**Task instructions**
Look in the data below for the line that has "Обои: желтый глаза, сова, темный", then print exactly every line from there through the line that has "Effortless shape with", leaving pictures out.

**Extracted entries**
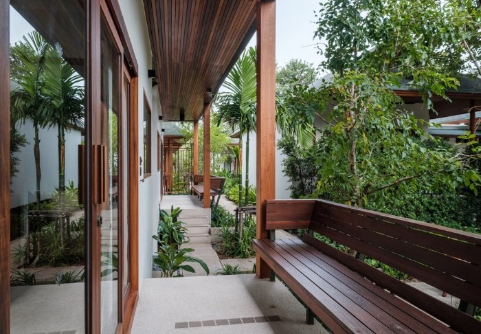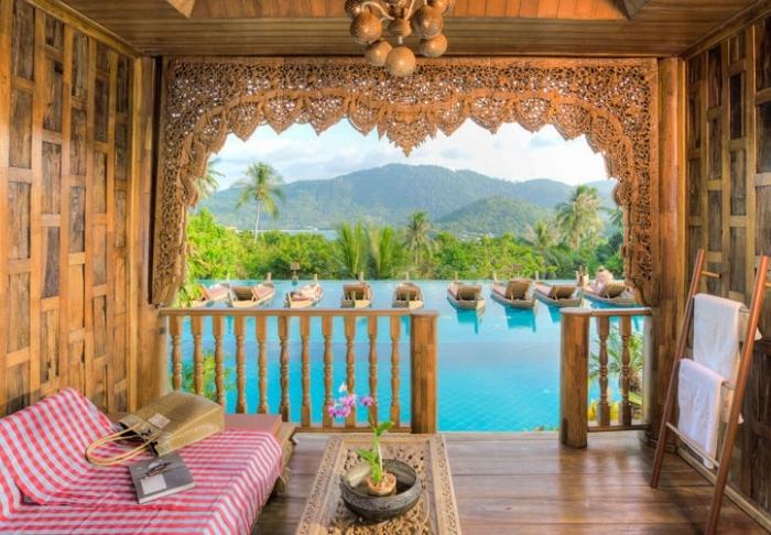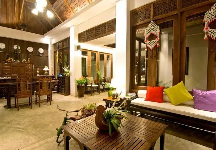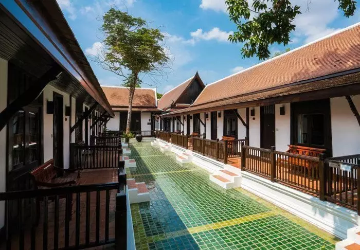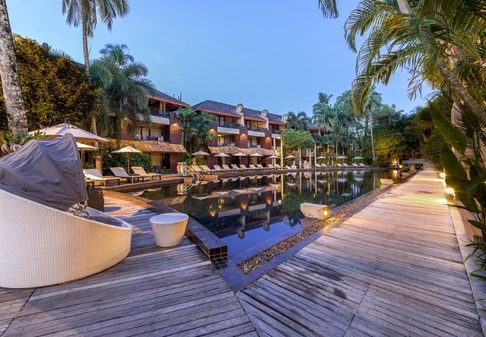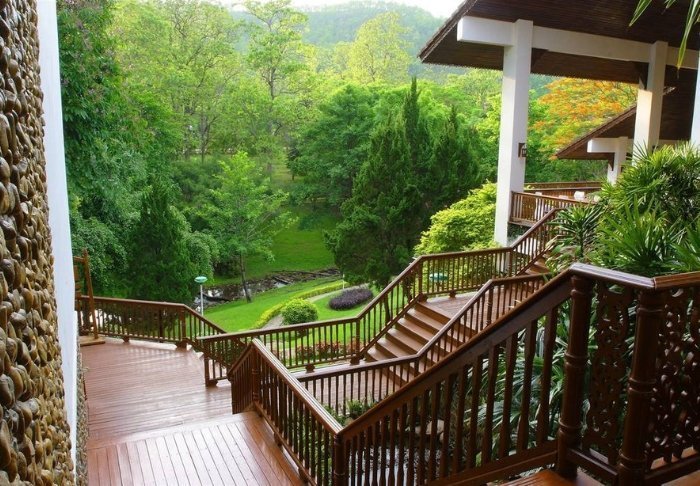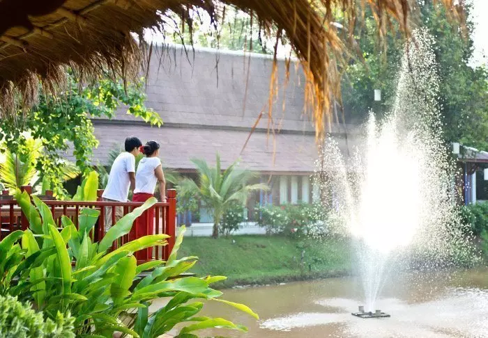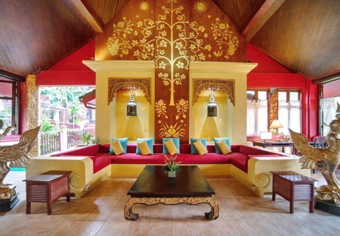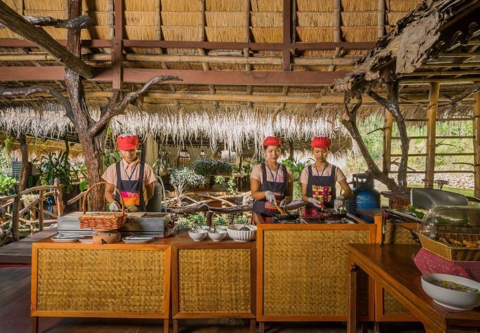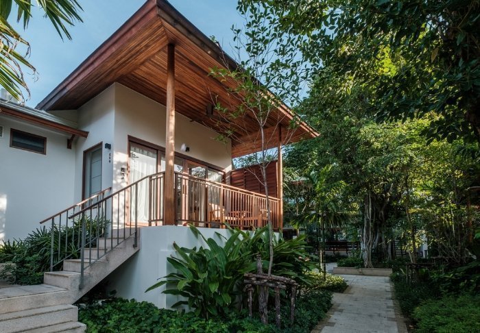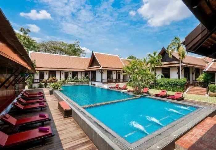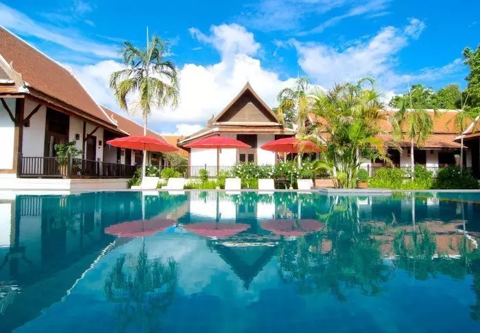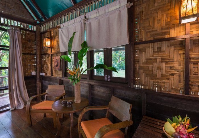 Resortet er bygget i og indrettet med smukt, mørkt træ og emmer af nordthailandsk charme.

--

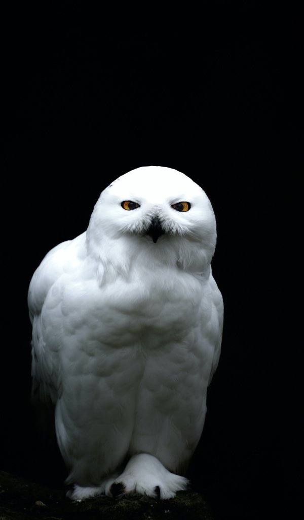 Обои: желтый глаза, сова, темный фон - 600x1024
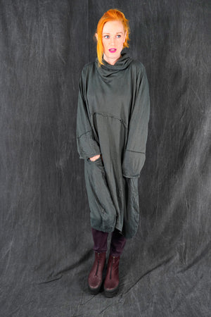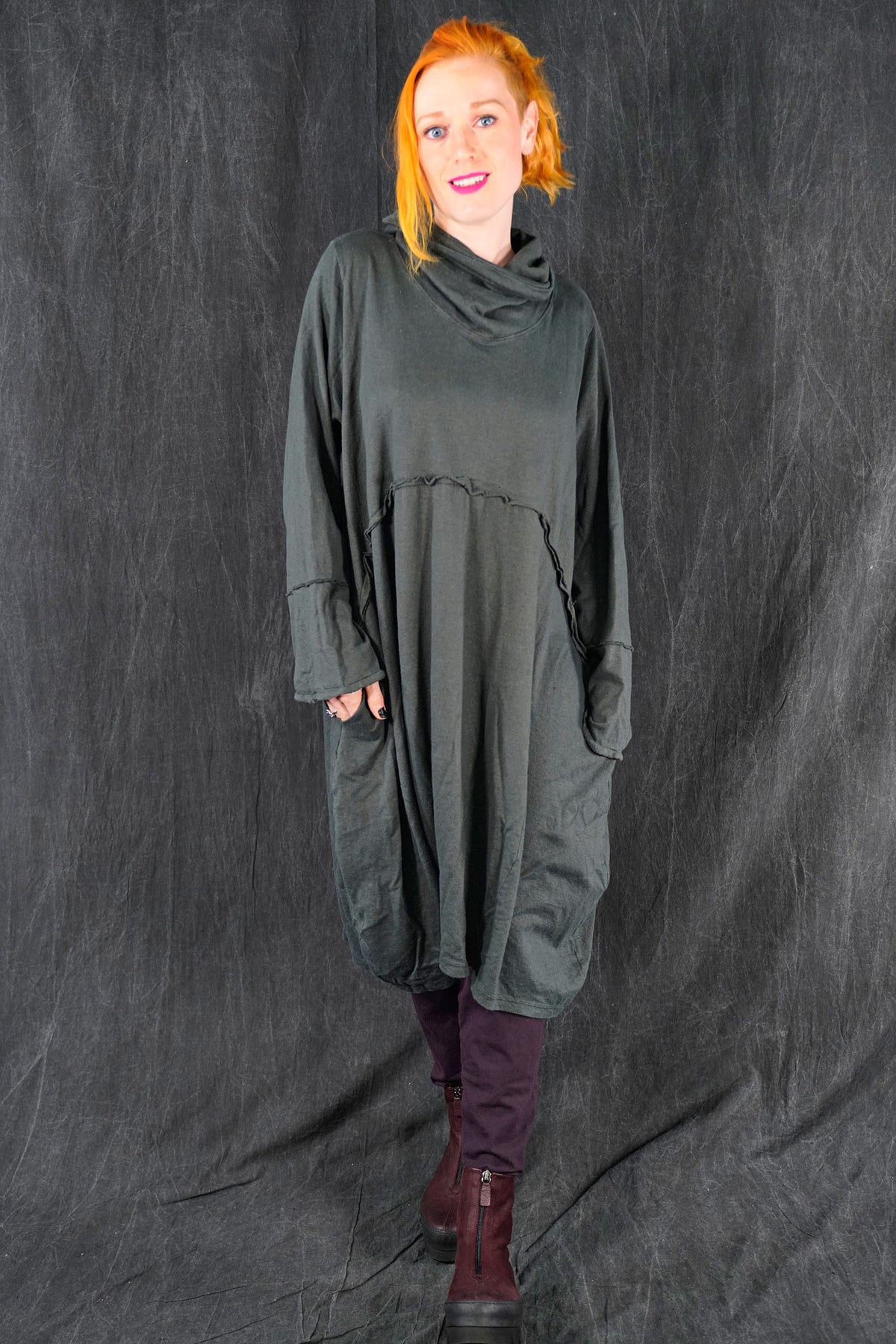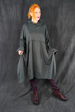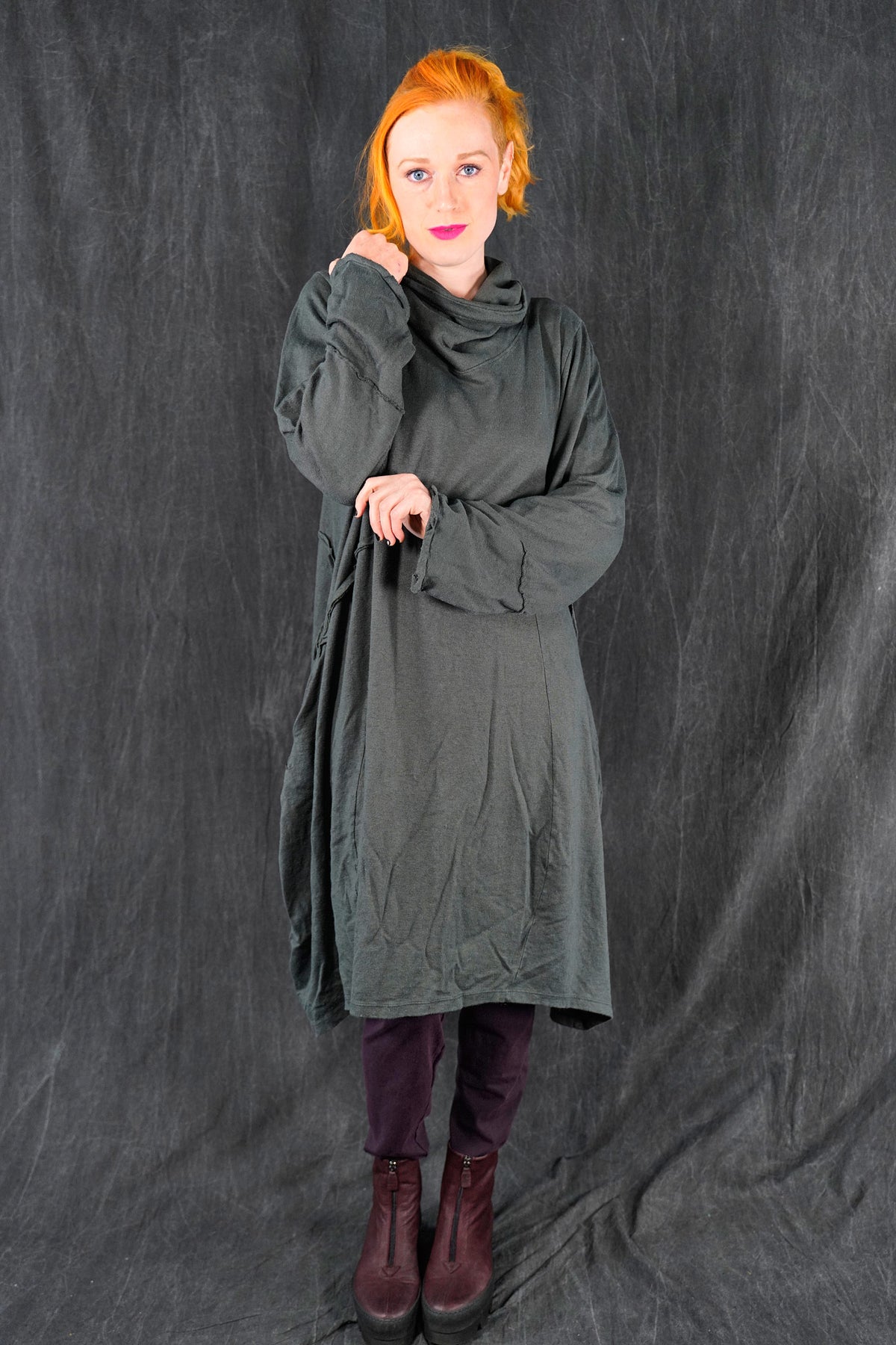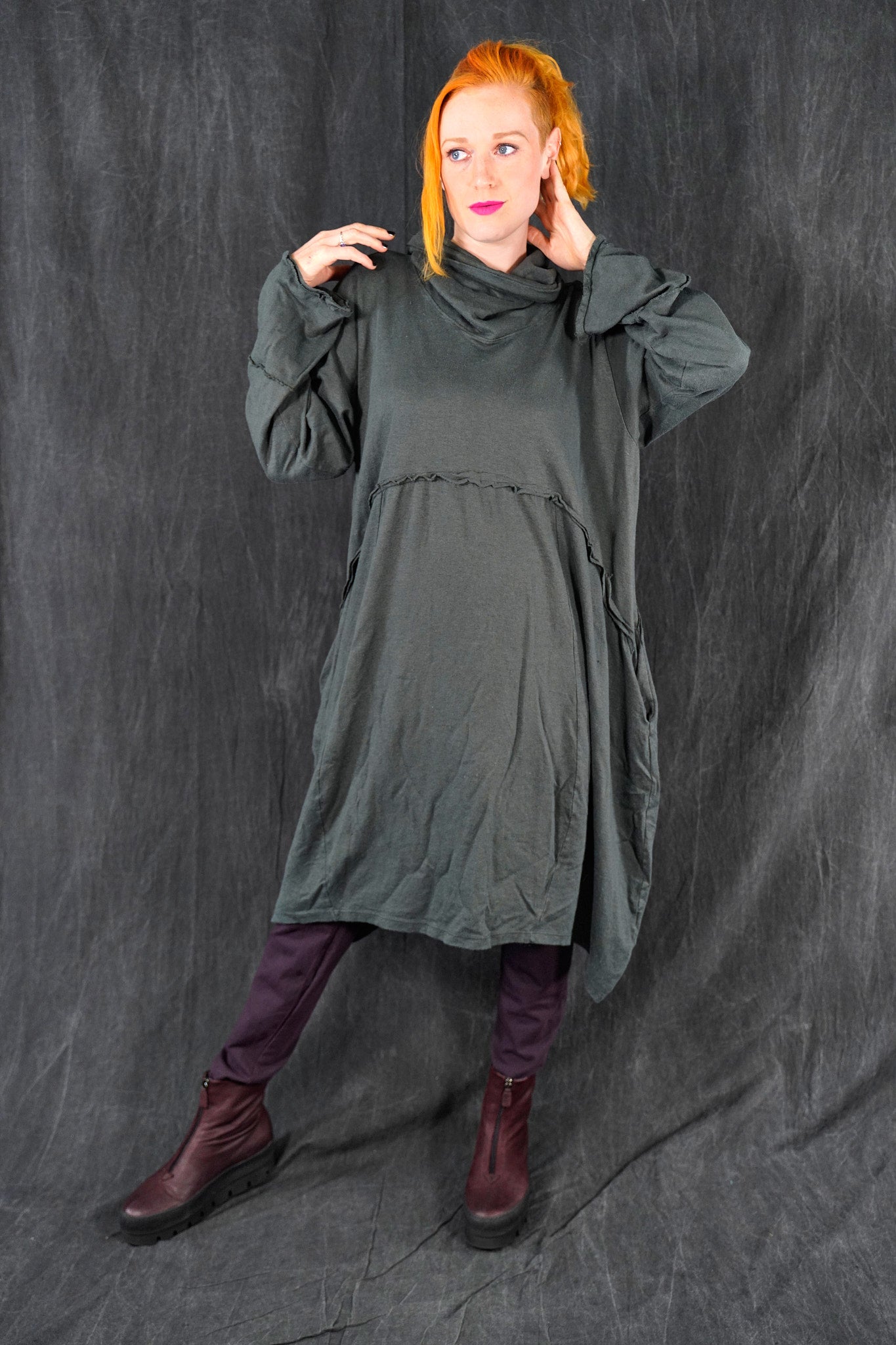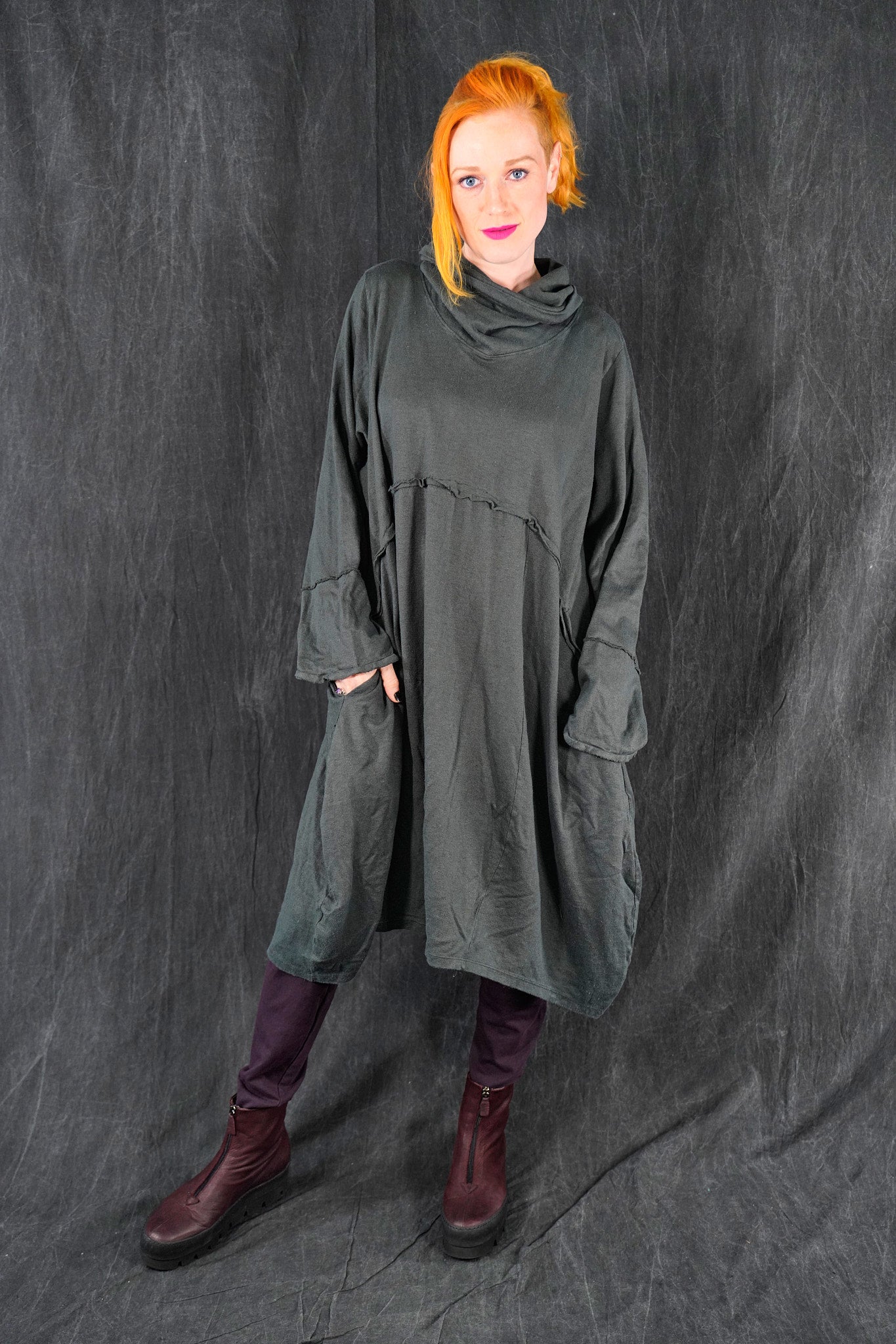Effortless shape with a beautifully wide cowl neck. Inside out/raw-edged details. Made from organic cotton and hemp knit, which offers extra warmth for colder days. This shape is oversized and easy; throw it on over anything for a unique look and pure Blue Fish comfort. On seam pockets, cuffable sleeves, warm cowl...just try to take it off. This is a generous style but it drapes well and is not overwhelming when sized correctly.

**Output for this exercise**
 Обои: желтый глаза, сова, темный фон - 600x1024
Effortless shape with a beautifully wide cowl neck. Inside out/raw-edged details. Made from organic cotton and hemp knit, which offers extra warmth for colder days. This shape is oversized and easy; throw it on over anything for a unique look and pure Blue Fish comfort. On seam pockets, cuffable sleeves, warm cowl...just try to take it off. This is a generous style but it drapes well and is not overwhelming when sized correctly.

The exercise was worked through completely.